The Swedish drug discovery company has announced that the FDA has granted clearance to proceed with VLX600 into the clinical phase I/II.
VLX600 is one of the company’s drug projects, recently published in the journal Nature Communications. The drug candidate kills sleeping cell populations in regions of solid tumors that are metabolically compromised due to poor vascularization – areas that cannot be reached by conventional cancer therapeutics.
“The FDA decision to grant clearance for VLX600 to proceed into the clinical program is a sign of quality and a milestone for Vivolux.

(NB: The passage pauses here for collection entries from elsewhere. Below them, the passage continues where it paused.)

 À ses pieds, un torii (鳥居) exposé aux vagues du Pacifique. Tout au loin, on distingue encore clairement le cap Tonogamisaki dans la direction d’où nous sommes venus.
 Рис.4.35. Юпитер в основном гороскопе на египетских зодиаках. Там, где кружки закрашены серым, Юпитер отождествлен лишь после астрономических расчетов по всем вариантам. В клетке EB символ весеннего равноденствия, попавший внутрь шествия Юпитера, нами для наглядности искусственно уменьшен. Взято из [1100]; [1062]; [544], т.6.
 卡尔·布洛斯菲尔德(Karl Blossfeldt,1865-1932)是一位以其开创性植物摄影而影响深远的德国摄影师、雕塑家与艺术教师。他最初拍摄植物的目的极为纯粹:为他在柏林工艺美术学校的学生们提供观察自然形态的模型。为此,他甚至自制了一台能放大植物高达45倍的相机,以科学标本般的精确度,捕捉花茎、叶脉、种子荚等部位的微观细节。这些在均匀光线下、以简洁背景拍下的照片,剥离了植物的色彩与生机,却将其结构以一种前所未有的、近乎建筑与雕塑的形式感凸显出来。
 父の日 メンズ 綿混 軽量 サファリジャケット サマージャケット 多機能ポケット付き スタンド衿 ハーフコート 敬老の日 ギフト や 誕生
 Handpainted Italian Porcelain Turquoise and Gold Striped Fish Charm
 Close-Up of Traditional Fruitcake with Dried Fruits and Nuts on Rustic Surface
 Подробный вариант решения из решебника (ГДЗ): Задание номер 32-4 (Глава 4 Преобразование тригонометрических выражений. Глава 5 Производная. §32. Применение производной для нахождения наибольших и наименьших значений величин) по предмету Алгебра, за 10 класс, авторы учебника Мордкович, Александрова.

The study will be conducted at Mayo’s three sites in the USA. There is a considerable medical need for new cancer drugs. VLX600 represents a first-in-class molecule within a new mechanism of action. A promising new concept in cancer treatment. Vivolux has a strong project pipeline and we plan to submit more applications to the FDA during 2014. Development within Vivolux is very much leading edge, as demonstrated by the interest from Harvard Medical School, Mayo and other institutions, where we will commence clinical studies during 2014,” said Hans Rosén, CEO and founder.
According to Vivolux the aim with the planned study is to determine the dose for future clinical studies. VLX600 is designed to increase the efficacy of radiotherapy and to kill cancer cells that survive traditional chemotherapy.